[Records excerpted from a collection]
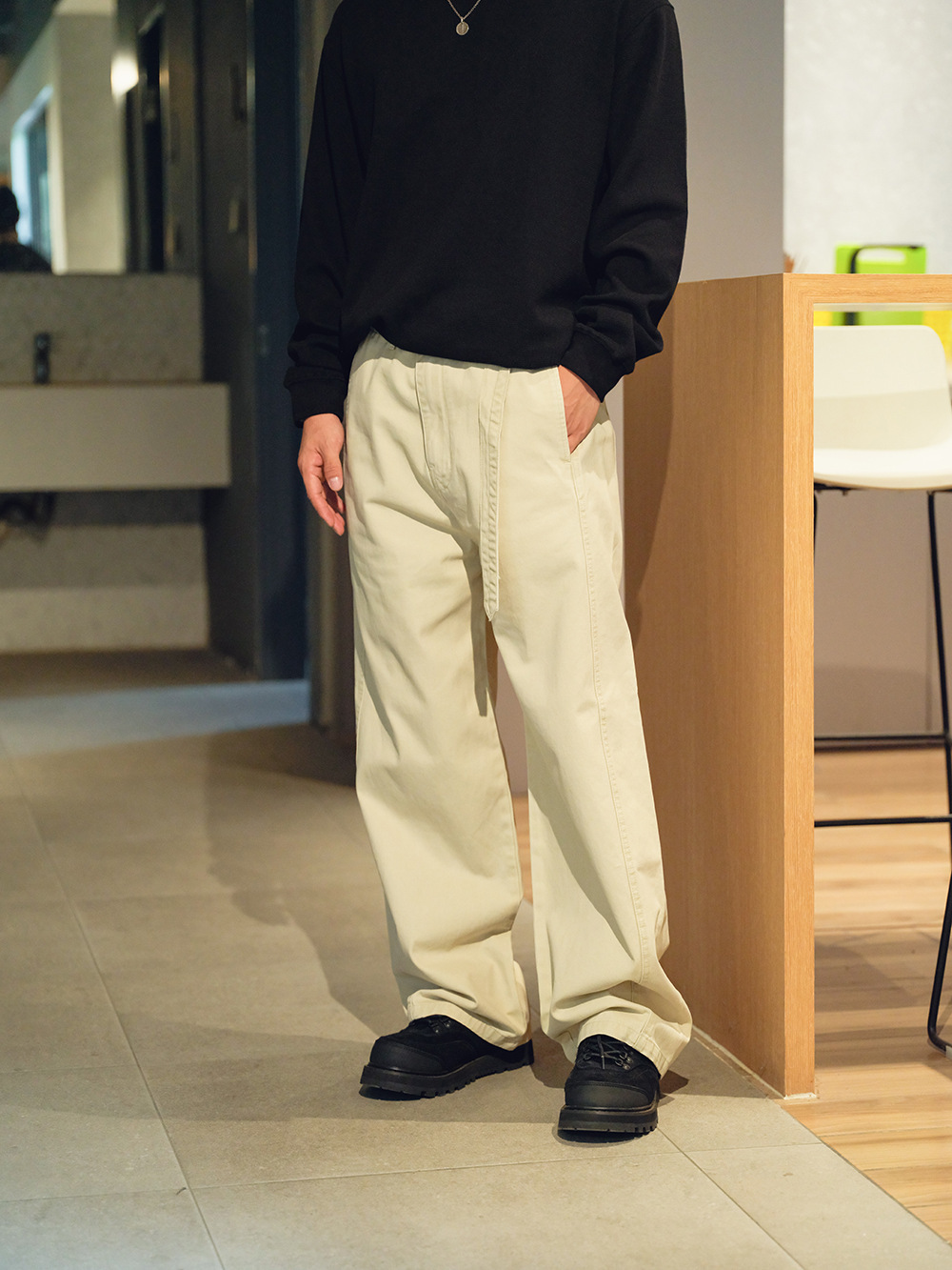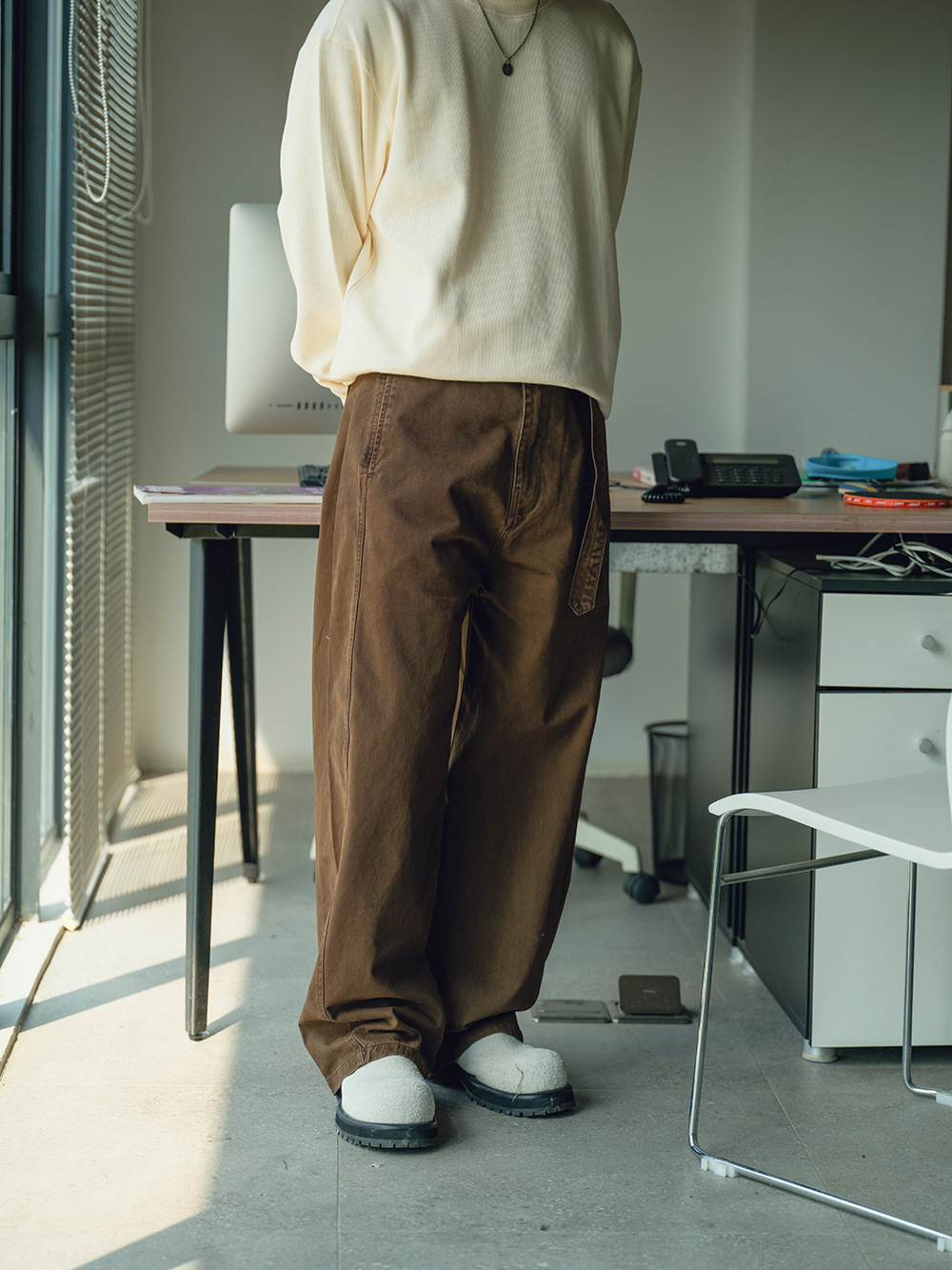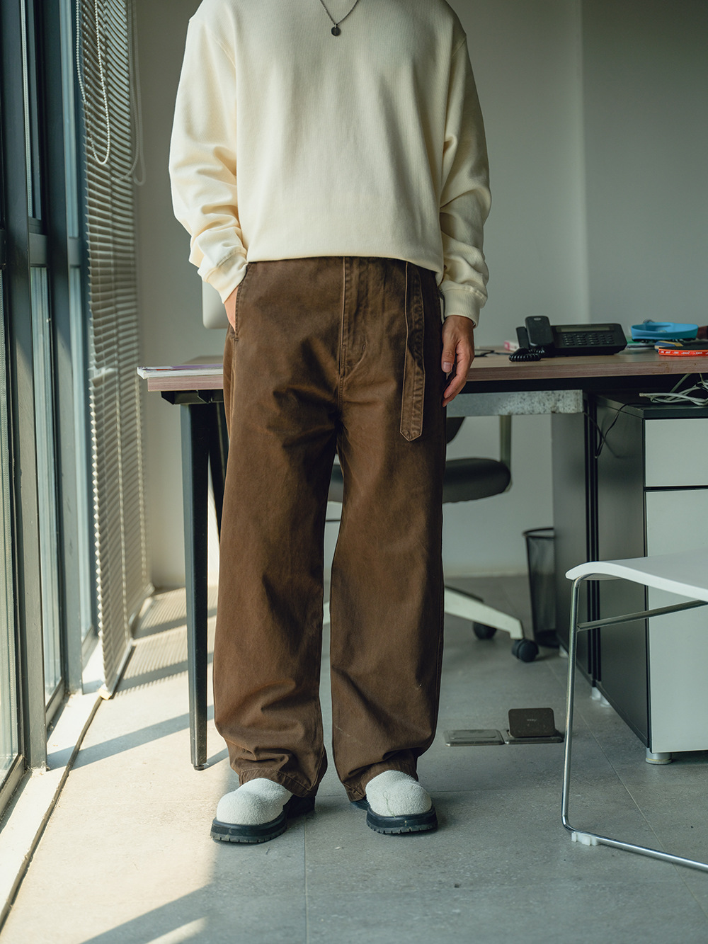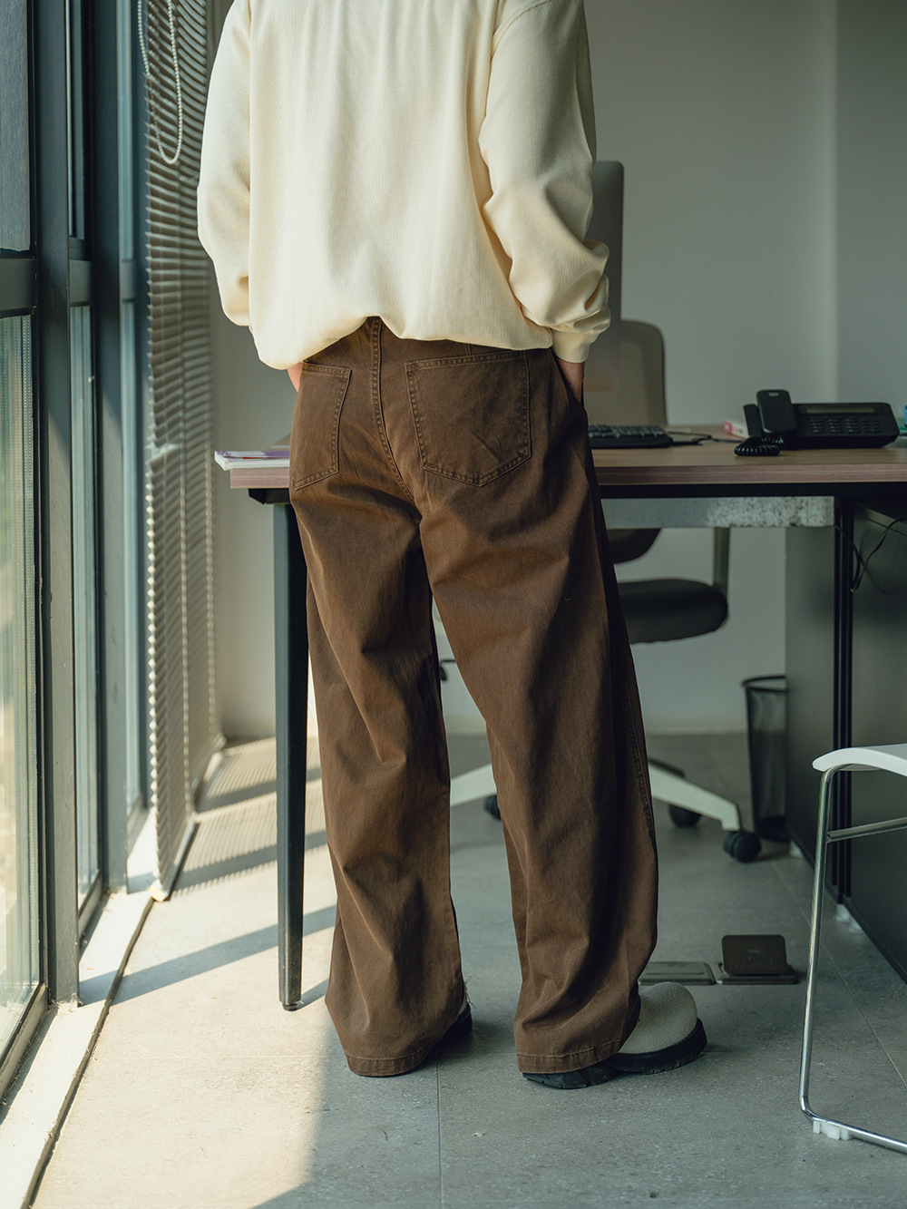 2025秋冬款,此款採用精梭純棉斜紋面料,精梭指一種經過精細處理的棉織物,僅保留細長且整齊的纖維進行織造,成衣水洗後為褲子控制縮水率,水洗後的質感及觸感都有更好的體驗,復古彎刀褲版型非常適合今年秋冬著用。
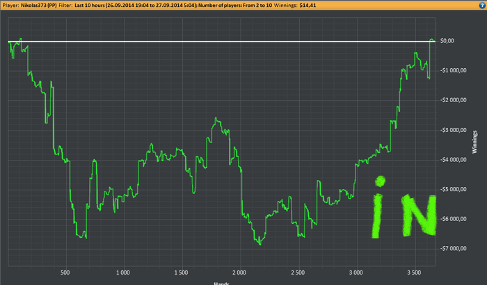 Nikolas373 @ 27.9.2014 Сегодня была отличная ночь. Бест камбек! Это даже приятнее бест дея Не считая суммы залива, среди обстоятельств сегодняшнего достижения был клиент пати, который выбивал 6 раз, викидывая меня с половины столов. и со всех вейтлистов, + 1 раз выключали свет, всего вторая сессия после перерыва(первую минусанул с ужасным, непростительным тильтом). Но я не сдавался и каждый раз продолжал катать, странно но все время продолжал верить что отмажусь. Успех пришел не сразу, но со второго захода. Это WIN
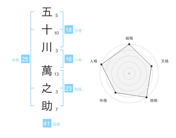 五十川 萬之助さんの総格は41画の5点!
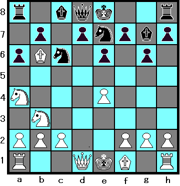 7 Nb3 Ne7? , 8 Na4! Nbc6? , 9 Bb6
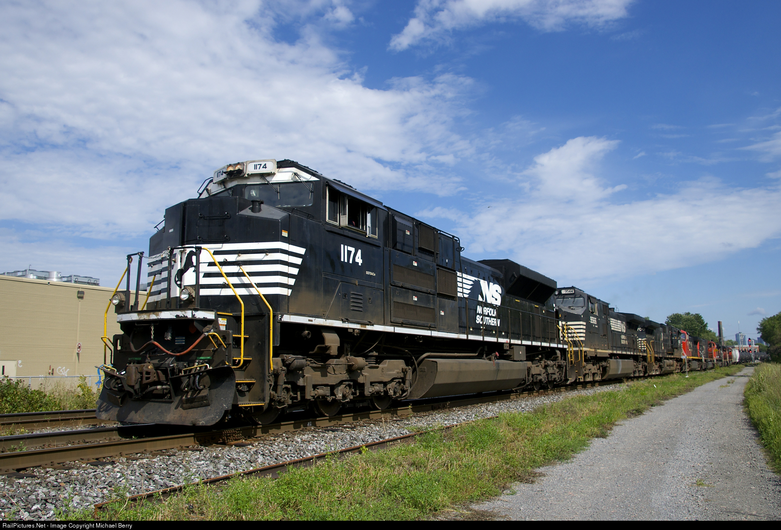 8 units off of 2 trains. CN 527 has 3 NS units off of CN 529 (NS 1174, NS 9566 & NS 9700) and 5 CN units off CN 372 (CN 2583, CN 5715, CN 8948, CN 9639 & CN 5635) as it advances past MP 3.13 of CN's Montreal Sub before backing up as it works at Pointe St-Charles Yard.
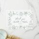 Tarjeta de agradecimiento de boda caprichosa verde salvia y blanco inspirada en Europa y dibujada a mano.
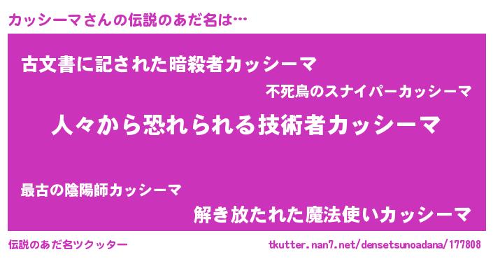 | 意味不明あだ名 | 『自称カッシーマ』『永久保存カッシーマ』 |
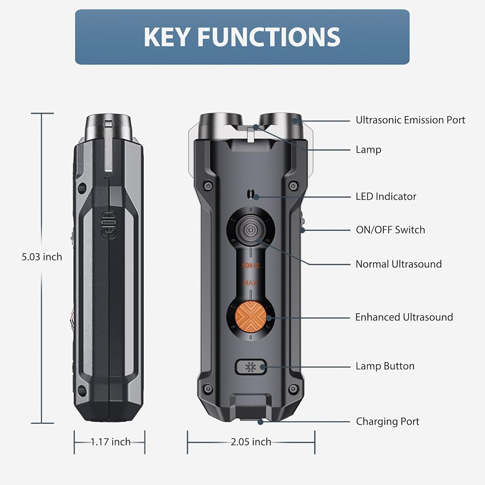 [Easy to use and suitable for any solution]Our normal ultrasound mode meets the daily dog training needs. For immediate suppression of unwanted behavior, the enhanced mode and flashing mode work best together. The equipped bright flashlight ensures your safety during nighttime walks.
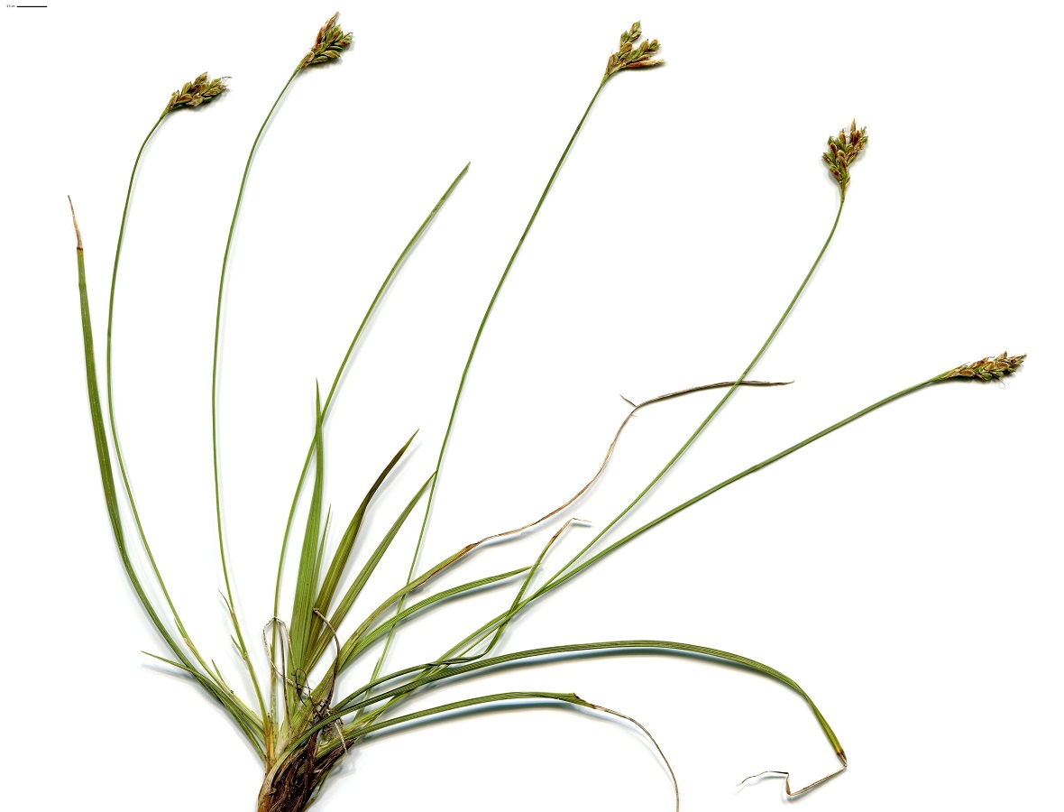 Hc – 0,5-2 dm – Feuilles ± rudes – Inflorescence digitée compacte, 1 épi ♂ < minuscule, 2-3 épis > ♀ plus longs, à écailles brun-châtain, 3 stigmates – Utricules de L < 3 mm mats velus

- **WORK ORDER**: Give again, word for word, every line from the top of the data through the line with "意味不明あだ名 | 『自称カッシーマ』『永久保存カッシーマ』 |", both ends included, and exclude the pictures.

- **EXERCISE RESULT**:
 2025秋冬款,此款採用精梭純棉斜紋面料,精梭指一種經過精細處理的棉織物,僅保留細長且整齊的纖維進行織造,成衣水洗後為褲子控制縮水率,水洗後的質感及觸感都有更好的體驗,復古彎刀褲版型非常適合今年秋冬著用。
 Nikolas373 @ 27.9.2014 Сегодня была отличная ночь. Бест камбек! Это даже приятнее бест дея Не считая суммы залива, среди обстоятельств сегодняшнего достижения был клиент пати, который выбивал 6 раз, викидывая меня с половины столов. и со всех вейтлистов, + 1 раз выключали свет, всего вторая сессия после перерыва(первую минусанул с ужасным, непростительным тильтом). Но я не сдавался и каждый раз продолжал катать, странно но все время продолжал верить что отмажусь. Успех пришел не сразу, но со второго захода. Это WIN
 五十川 萬之助さんの総格は41画の5点!
 7 Nb3 Ne7? , 8 Na4! Nbc6? , 9 Bb6
 8 units off of 2 trains. CN 527 has 3 NS units off of CN 529 (NS 1174, NS 9566 & NS 9700) and 5 CN units off CN 372 (CN 2583, CN 5715, CN 8948, CN 9639 & CN 5635) as it advances past MP 3.13 of CN's Montreal Sub before backing up as it works at Pointe St-Charles Yard.
 Tarjeta de agradecimiento de boda caprichosa verde salvia y blanco inspirada en Europa y dibujada a mano.
 | 意味不明あだ名 | 『自称カッシーマ』『永久保存カッシーマ』 |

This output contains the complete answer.